The South American Division executive committee of the Seventh-day Adventist Church, in a July 8 vote, approved the practice of the ordination of women elders in that geographical area. According to an Adventist World article, the action was taken because “the context for ministry during the COVID-19 pandemic and post-pandemic has made it crucial to affirm the leadership and missionary role of the church elder, including women.”(1)
But the Seventh-day Adventist Church is a Protestant denomination. We base our beliefs and practices on the Bible. We are a prophetic movement intended by heaven to help God’s people be more, not less, biblical in belief and practice. It is difficult to see how after 2000 years church surviving and thriving in spite of much more deadly diseases, a virus with better than a 99% survival rate requires a sudden movement away from biblical practice. In the secular political world the covid crisis has been misused to bring unprecedented changes to voting practices and to suppress individual personal liberties. And now, to see the same crisis used to promote an unbiblical position in the church is demoralizing.

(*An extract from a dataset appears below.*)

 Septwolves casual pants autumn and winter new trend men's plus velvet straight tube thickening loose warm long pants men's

Let’s take a moment to see what the Bible says:
In Titus 1:5-9 Paul writes,
For this reason I left you in Crete, that you should set in order the things that are lacking, and appoint elders in every city as I commanded you—if a man is blameless, the husband of one wife, having faithful children not accused of dissipation or insubordination. For a bishop must be blameless, as a steward of God, not self-willed, not quick-tempered, not given to wine, not violent, not greedy for money, but hospitable, a lover of what is good, sober-minded, just, holy, self-controlled, holding fast the faithful word as he has been taught, that he may be able, by sound doctrine, both to exhort and convict those who contradict.

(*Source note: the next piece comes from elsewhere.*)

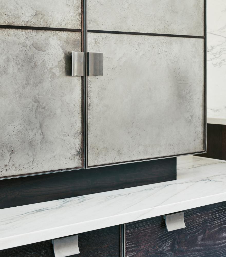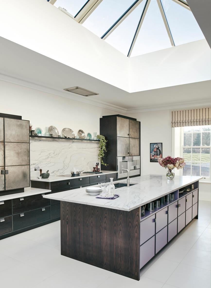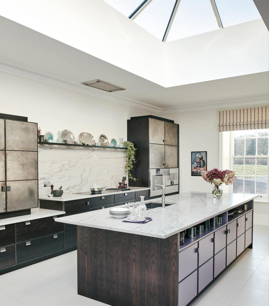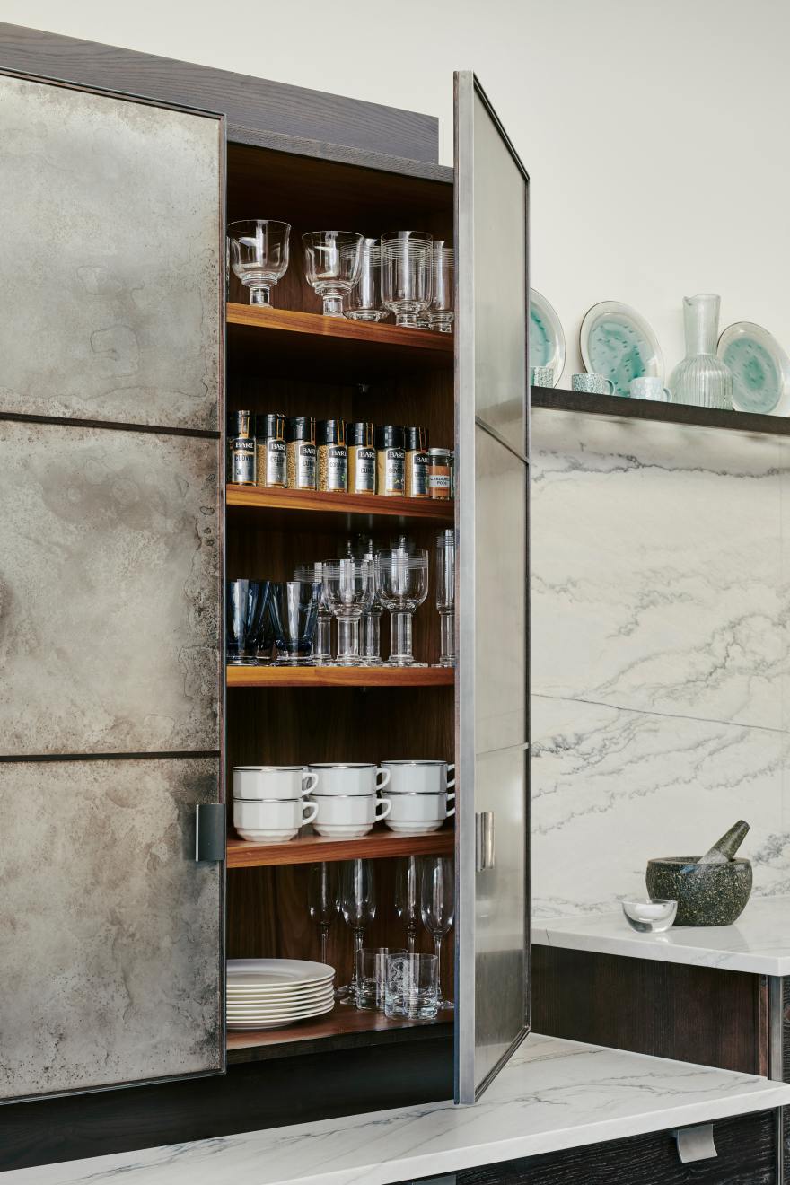 We wanted our pewter-ware collection to play a starring role in our new kitchen design. Therefore, we were so impressed when Charlie has created this stunning aged-pewter finish for the cupboard doors. He also incorporated special open shelving within the island unit and above the hob for our pewter pieces. As a result, the kitchen is a fabulous focal point for the regular social functions that we host. We particularly love how the kitchen has the feel of proper furniture that sits beautifully in our home.

Here, an elder is to be the “husband of one wife,” mias gunaikos aner. The word aner is male specific in most Bible uses. And in every case, the word used for woman or wife here is female specific. How can a woman elder “hold fast the faithful word” when the practice itself is a denial of that Word?
1 Timothy 3:1-7:
This is a faithful saying: If a man desires the position of a bishop, he desires a good work. A bishop then must be blameless, the husband of one wife, temperate, sober-minded, of good behavior, hospitable, able to teach; not given to wine, not violent, not greedy for money, but gentle, not quarrelsome, not covetous; one who rules his own house well, having his children in submission with all reverence (for if a man does not know how to rule his own house, how will he take care of the church of God?); not a novice, lest being puffed up with pride he fall into the same condemnation as the devil. Moreover he must have a good testimony among those who are outside, lest he fall into reproach and the snare of the devil.
In verse 2 the phrase “husband of one wife,” mias gunaikos andra, like the passage from Titus, uses the male specific word andra and the female specific word, gunaikos. The primary meaning for aner and andros, according to none other than BDAG (A Greek English Lexicon of the New Testament and Other Early Christian Literature) is “an adult human male, man, husband.”(2)

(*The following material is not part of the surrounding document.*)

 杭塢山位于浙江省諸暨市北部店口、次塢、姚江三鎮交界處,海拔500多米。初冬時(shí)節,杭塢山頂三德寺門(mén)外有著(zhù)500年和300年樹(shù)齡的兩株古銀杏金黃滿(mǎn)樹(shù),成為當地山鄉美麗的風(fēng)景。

We love our sisters in the churches. But the simple fact is that to employ the title of “elder” is not necessary to lead a Bible study or to be active in church activities. This ill-timed action by leaders in the South American Division does not represent the will of the members, and will have an opposite effect in the churches. When our Bible workers encounter non-Adventists who know their Bibles, and they ask us for a Bible basis for the practice of ordaining women as elders, we won’t have one. To continue the practice of ordaining women as elders, just now, when God’s church has opportunity to be a voice for the kingdom instead of the culture, is to wave the white-flag of surrender.
God can help His church. Let’s return to Him. When we follow the Scripture, He will bless. When we follow the culture, we are in rebellion to Him.
1. https://www.adventistworld.org/south-america-division-votes-to-allow-women-elders/
2. Walter Bauer, F.W. Danker, W.F. Arndt, F.W. Gingrich, A Greek English Lexicon of the New Testament and Other Early Christian Literature, pp. 79, 80.